Within the entries below, please retype exactly the lines starting with the line that has "남자가 말 같지도 않은" and going on through the line that has "Dunaalmás. 1100 négyzetméteres", but not the pictures.

PROVIDED RECORDS:
= = =

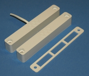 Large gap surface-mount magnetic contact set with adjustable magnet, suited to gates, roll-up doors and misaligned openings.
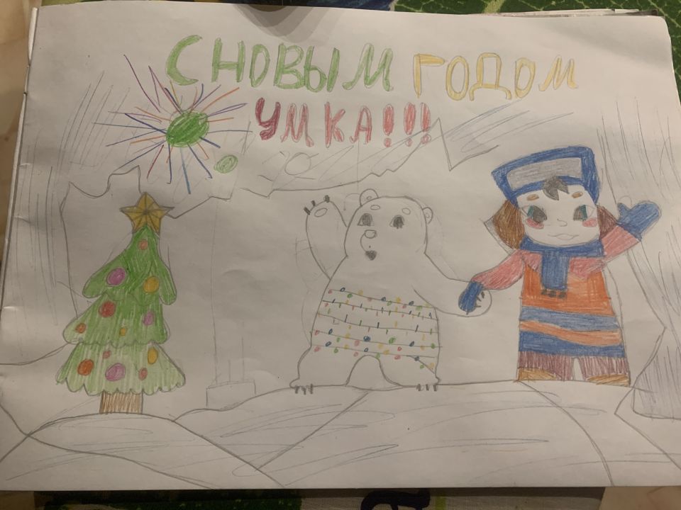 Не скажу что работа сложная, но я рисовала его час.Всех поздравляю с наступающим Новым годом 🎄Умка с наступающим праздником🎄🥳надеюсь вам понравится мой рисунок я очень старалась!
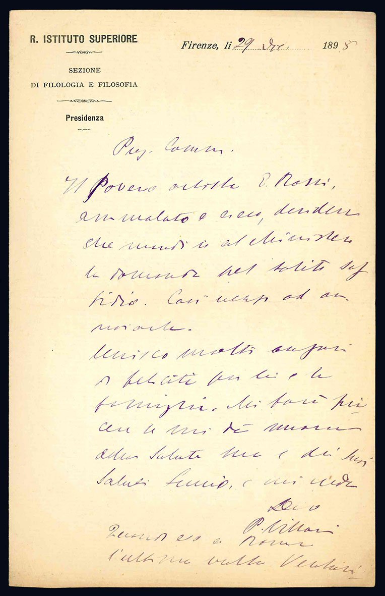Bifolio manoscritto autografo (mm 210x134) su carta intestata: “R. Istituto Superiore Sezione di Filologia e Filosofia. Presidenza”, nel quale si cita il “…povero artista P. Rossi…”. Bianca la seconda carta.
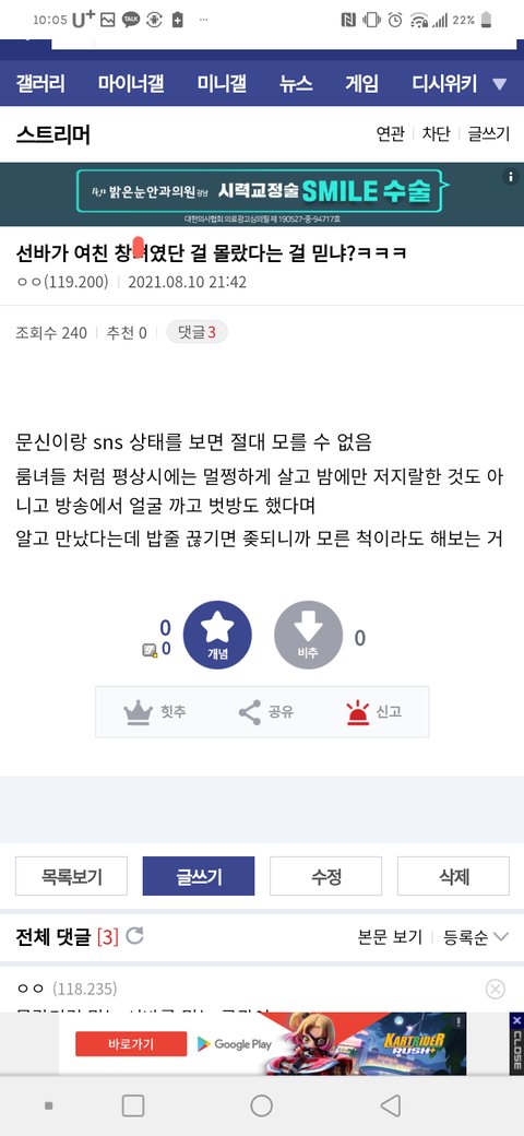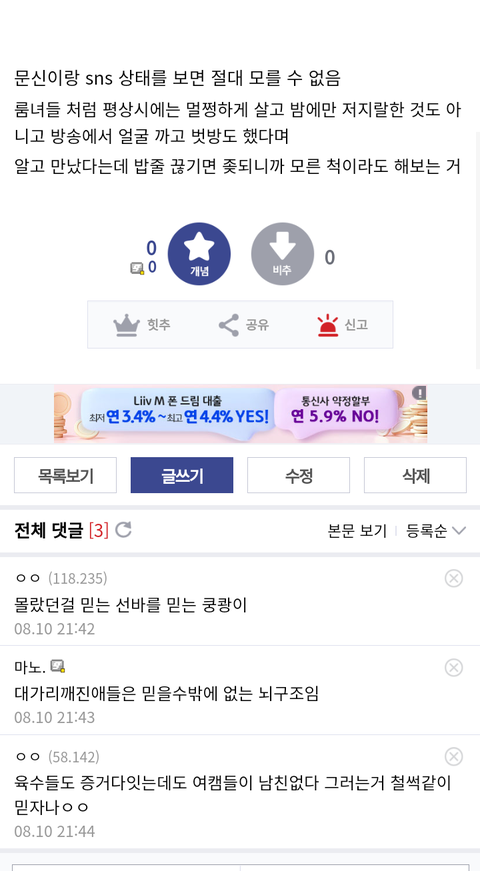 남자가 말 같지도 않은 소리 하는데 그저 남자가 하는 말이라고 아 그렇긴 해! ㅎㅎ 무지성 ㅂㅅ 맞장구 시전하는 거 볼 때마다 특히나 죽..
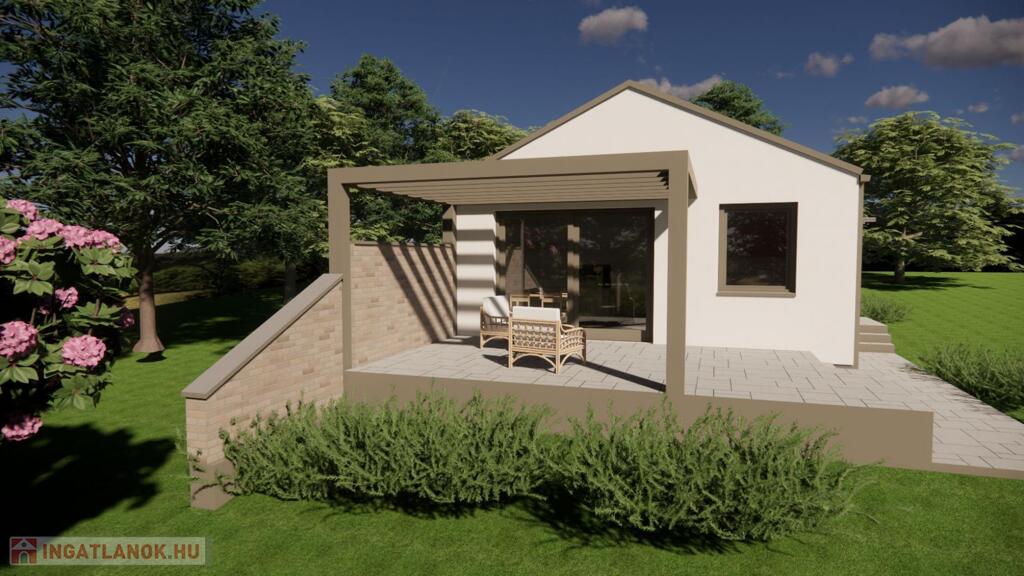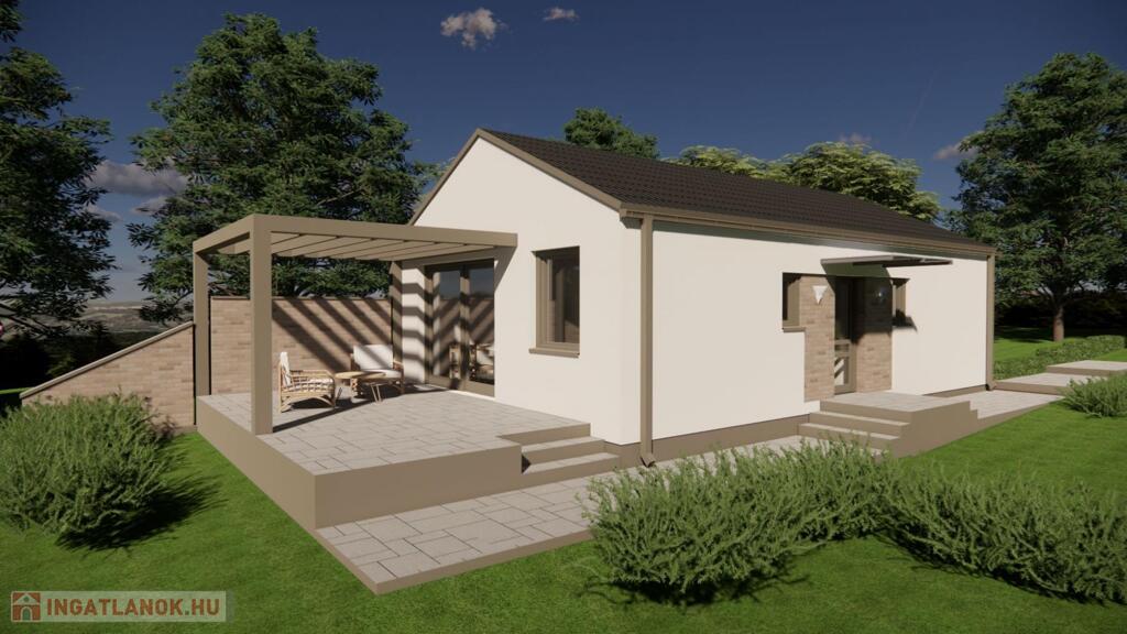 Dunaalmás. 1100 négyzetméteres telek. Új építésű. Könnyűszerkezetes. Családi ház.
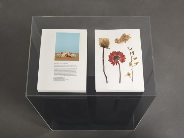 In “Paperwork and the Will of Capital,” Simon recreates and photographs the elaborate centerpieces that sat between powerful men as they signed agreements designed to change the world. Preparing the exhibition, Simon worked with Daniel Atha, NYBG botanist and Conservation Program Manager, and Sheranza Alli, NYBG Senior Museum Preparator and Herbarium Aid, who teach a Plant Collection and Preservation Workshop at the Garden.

= = =

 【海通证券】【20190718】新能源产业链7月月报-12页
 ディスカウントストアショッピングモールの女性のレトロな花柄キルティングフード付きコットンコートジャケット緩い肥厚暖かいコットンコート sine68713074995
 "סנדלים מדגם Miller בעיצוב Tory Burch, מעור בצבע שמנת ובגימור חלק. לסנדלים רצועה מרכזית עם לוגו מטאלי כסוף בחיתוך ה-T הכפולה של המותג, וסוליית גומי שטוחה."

= = =

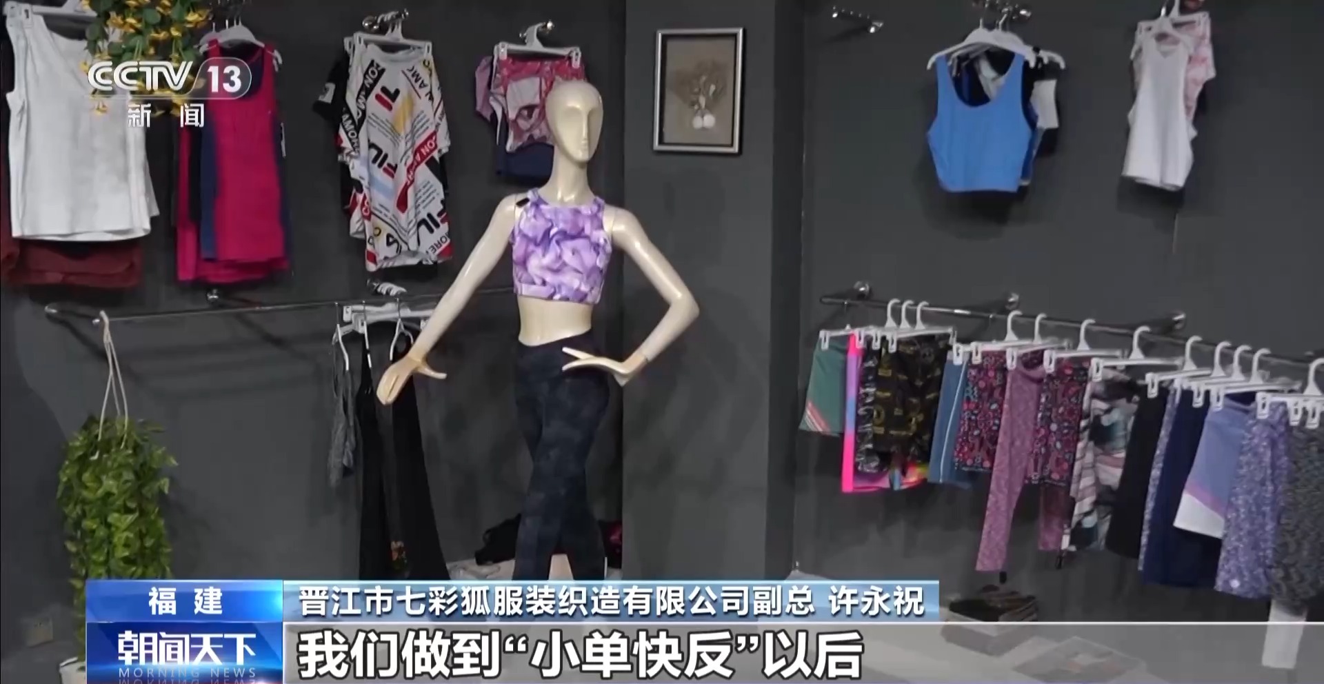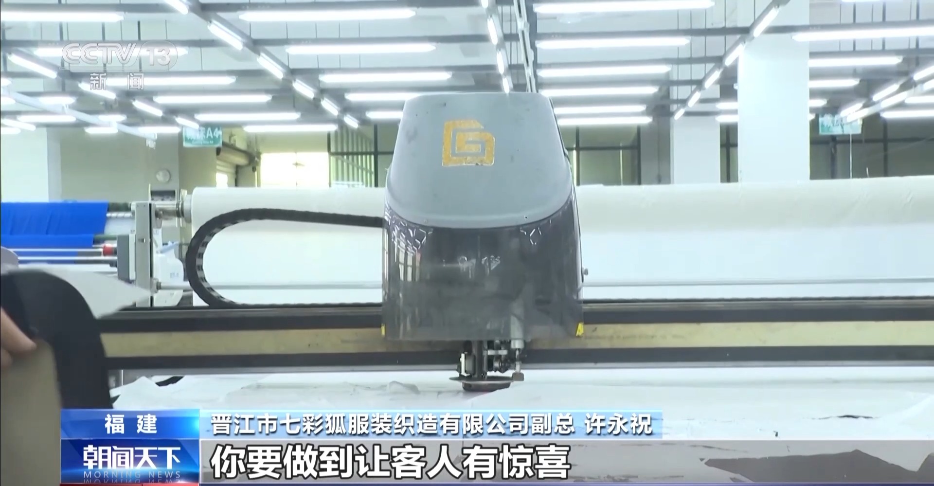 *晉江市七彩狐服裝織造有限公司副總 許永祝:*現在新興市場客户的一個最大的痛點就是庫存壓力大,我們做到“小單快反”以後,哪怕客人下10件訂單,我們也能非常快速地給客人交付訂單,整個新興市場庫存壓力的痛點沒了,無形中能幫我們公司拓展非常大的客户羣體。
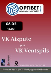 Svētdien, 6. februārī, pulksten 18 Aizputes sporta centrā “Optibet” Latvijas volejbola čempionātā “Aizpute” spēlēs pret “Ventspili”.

= = =

SOLVED PROBLEM:
 남자가 말 같지도 않은 소리 하는데 그저 남자가 하는 말이라고 아 그렇긴 해! ㅎㅎ 무지성 ㅂㅅ 맞장구 시전하는 거 볼 때마다 특히나 죽..
 Dunaalmás. 1100 négyzetméteres telek. Új építésű. Könnyűszerkezetes. Családi ház.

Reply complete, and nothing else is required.